More close to home are my childhood memories of the basement in my Grandmama's house outside Detroit, Michigan. The home, in a sea of homes laid out in snaking patterns of uniform shapes and colors (on streets that crisscrossed so much that I once got lost on my bicycle trying to catch the ice-cream truck while it peddled its summer treats), was textbook suburbia, and about as far away from a nomadic living style as you could go. But in that basement, in one tucked-away corner, there were shelves lined with jars of preserved foods.
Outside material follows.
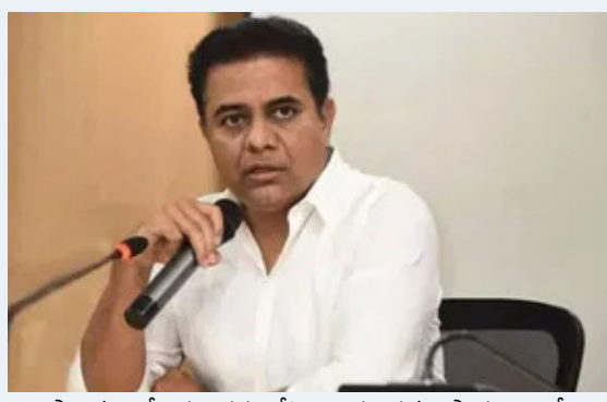
ప్రాజెక్టుని కేంద్రం రద్దు చేసినా, ఈ ప్రగతి సాధ్యం అయ్యేలా చూడగలిగామన్నారు. డింతోపాటు దాదాపు రెండు సంవత్సరాల పాటు కరోనా సంక్షోభం ఆ తర్వాత మారిన పరిస్థితులను

వార్షిక నివేదికను విడుదల చేసిన మంత్రి కేటీఆర్ ఇయ్యాలి స్టూన్, హైదరాబాద్, జూన్ 5: ఐటీ రంగంలో హైదరాబాద్ నగరం శరవేగంగా దూసుకుపోతోందని, ఈ రంగంలో ఎంతో పురోగతి సాధించామని తెలంగాణ రాష్ట్ర ఐటీ, పరిశ్రమల శాఖ మంత్రి కేటీఆర్ అన్నారు. డి హబ్ లో ఐటీ శాఖ 9వ వార్షిక నివేదికను మంత్రి విడుదల చేశారు. తెలంగాణ రాష్ట్రం ఏర్పడిన తొలిసారిలో రాష్ట్రాన్ని ఐటీ రంగంలో అగ్రస్థానంలో నిలబెడతామన్నప్పుడు అనేకమంది ఆశ్చర్యంగా చూశారని, అయినా ఈరోజు దేశ ఐటీ రంగంలో హైదరాబాద్ అగ్రస్థానంలో నిలిచేందుకు తమ ప్రభుత్వం అనేక ప్రయత్నాలు చేసిందన్నారు. గత పది సంవత్సరాలలో కేంద్ర ప్రభుత్వం సహాయనిరాకరణ చేసినా, ఈ రంగంలో అద్భుతమైన ప్రగతిని సాధించగలిగామని, హైదరాబాద్ ఐటీ రంగానికి ఎంతగానో ఊతం ఇస్తుందనుకున్న ఐటీఐఆర్

Memories of a being a ten-year-old can quickly become a muddled stream of fantasy and fact, but some of the most vivid images that remain with me now are of the smell of drying tobacco leaves, sour cherries, pigs feet preserved in gelatin, jams, jellies, rising pastry dough, and fermenting wines. It was cool down there, cool enough to preserve the fruits from the trees growing in the backyard, dark enough to keep the dried herbs that had been grown in the garden fresh in their labeled containers.
My grandparents on my father's side had moved to Detroit from the Louisiana bayou so Grandpapa could work at Ford Motor Company. In Louisiana, they had kept milk cows, grown strawberries, and raised their family in a house that was not much more than a tar paper shack at the end of a dirt road, bordered on both sides by swampland. They knew how to preserve their food, not out of novelty or political correctness, but out of necessity, incorporating all methods of food preservation to provide the family with a steady supply of nutrients. They had figured out how to bypass the pre-packaged, costly, and distant world of the supermarket and still eat sun-dried tomatoes, dilly dough pickles, sauerkraut, and sour cherry pastries, even out of season.
To a child, the mystique and magic of this art did not include the stark realities that my grandparents lived with: poverty, hunger, and marital hardship. Instead, the ability to preserve one's food smacked of the autonomy and comfort associated with self-empowerment and hopeful inspiration.